— Я ухожу. Пожалуйста, не приходи ко мне — я не открою, — с этими словами Элек выпутался из крепкой Серёжиной хватки, схватил свой рюкзак и быстро покинул класс, — Серёжа так и остался сидеть на полу. Он не стесняясь плакал. А на камеры одноклассников ему было наплевать. Зато было не наплевать Макару.
— Уберите телефоны! Блять, да что ж вы за люди! — он опустился на пол к Серёже, попытался его обнять, успокоить, а заодно закрыть собой от беспардонных операторов.
Но Серёжа вдруг плакать перестал, а всё его горе и отчаяние разом трансформировалось в злость и агрессию. Он вскочил на ноги:
— Это всё из-за тебя! — крикнул Сергей бывшему любовнику. — Из-за тебя он ушёл! — Серёжа сжал кулаки.
— Успокойся, Серёга, — Гусев поднялся навстречу Сыроежкину и тут же получил удар в челюсть. Он не успел увернуться, просто не ожидал. Серёжа ведь никогда не дрался.
Следующий удар Макар уже не пропустил — перехватил руку Сыроежкина, заломил за спину, а самого его прижал, держа за шею, к соседней парте.
— Сука, блять! Мразь! Чтоб ты сдох, сволочь! Урод! Это ты во всем виноват! Из-за тебя он ушёл! — не взирая на крепкую хватку на шее и то, что одной щекой он был впечатан в парту, Сыроежкин изрыгал проклятия в адрес Гуся и бил свободным кулаком по твёрдой поверхности.
— Что здесь происходит?! Макар! — вошедший в класс Таратар застал странную картину — Макар Гусев, держа одной рукой за шею, а другой заломив за спину его руку, прижимал друга грудью к столу, а тот матерился и безуспешно пытался вырваться. Вокруг стояла толпа одноклассников и снимала происходящее на свои телефоны. Не участвовали в этом дурдоме только Кукушкина, которая с брезгливостью смотрела на всё издали, и Корольков, на лице которого было написано такое страдание, будто это ему Гусев сейчас руку выворачивал.

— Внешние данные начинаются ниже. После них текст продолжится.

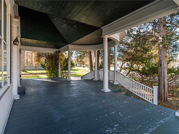 Beautiful fireplaceFront porchSelf-contained apartmentRaised cherry-paneled wallsOversized bedroomsBronze statue lampGrand staircase
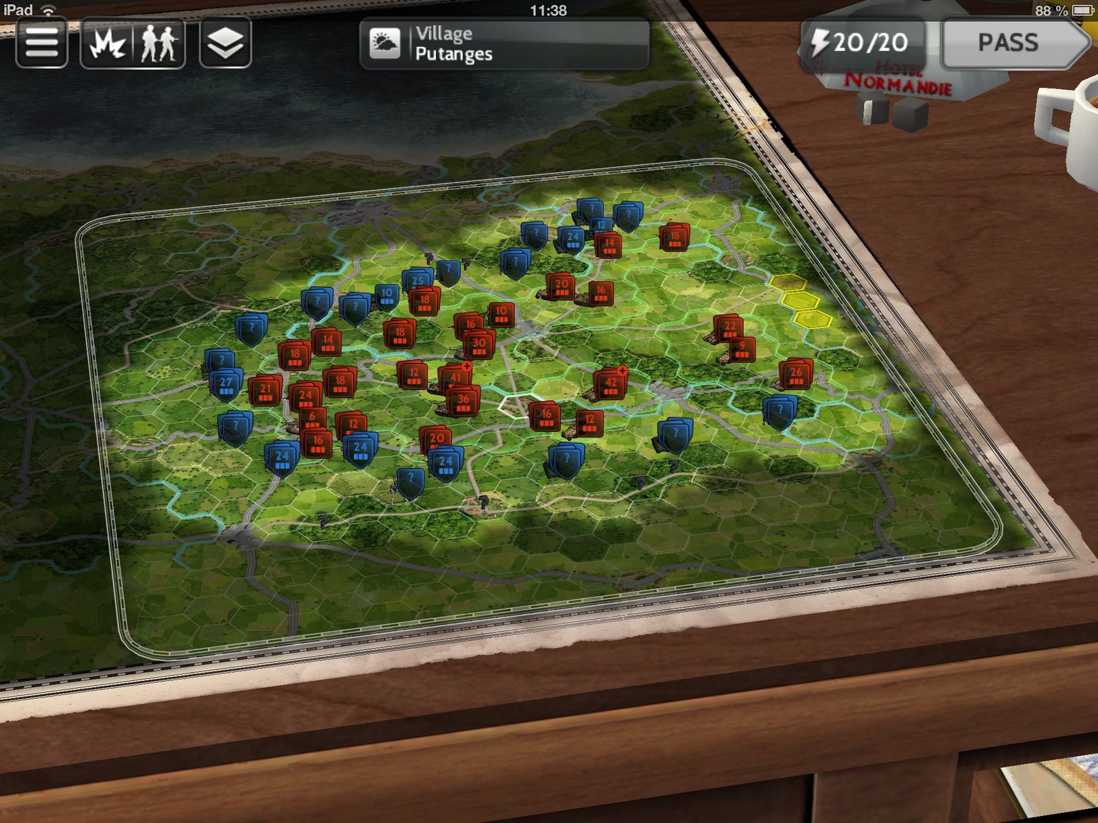 Voici une douzaine de captures d’écrans qui illustrent trois différents scénarios de Normandie 1944 (« La poche de falaise », « L’attaque de Patton (opération Cobra) » et « Objectif Caen »), le prochain premier volet de la nouvelle série Wars and Battles dont le développement prend de mieux en mieux forme. Et qui devrait débarquer dans un premier temps sur iPad dans le courant du mois de novembre. Une version PC étant bien sûr toujours prévue dans les mois à venir. En attendant d’en savoir plus sur ce prometteur wargame, voyez si nécessaire le site officiel ainsi que la page Facebook du jeu.

— У Серёжи истерика, Семён Николаевич, — обратился Вовка к учителю. — Если Макар его отпустит, он опять драться полезет.
Таратар внимательно посмотрел на Макара — у него была разбита губа. То, что Гусева побил одноклассник, уже было что-то за гранью. А тем более худосочный Сыроежкин! Хвала богам, Макар не дал ему сдачи — иначе пришлось бы вызывать Серёже скорую и в этот раз — по делу! Таратар убедился, что Сергей больше не ругается и не дёргается, только тяжело дышит.
— Макар, отпусти его.
Гусев убрал руки и отошёл от Серёжи на пару шагов. Тот с трудом выпрямился, пошевелил пострадавшей конечностью и, не глядя ни на кого, прошёл на своё место.
— Садитесь, ребята. У нас урок, — Семён Николаевич счёл инцидент исчерпанным и приступил к своим непосредственным обязанностям.
До конца дня Серёжа ничего не писал — берег руку. Ему ведь ещё играть вечером. Счастье, что Гусь сам ему по роже не съездил, иначе про выступление можно было бы забыть. На учебу ему насрать с высокой колокольни — она почти уже закончилась, какие-нибудь оценки ему всяко поставят. А с Элом он ещё поговорит. Завтра в школе. Раз домой к себе он не пустит. В школе-то ему деваться некуда, а чтобы прогуливать — Эл слишком правильный. Хотя, сегодня вот сбежал…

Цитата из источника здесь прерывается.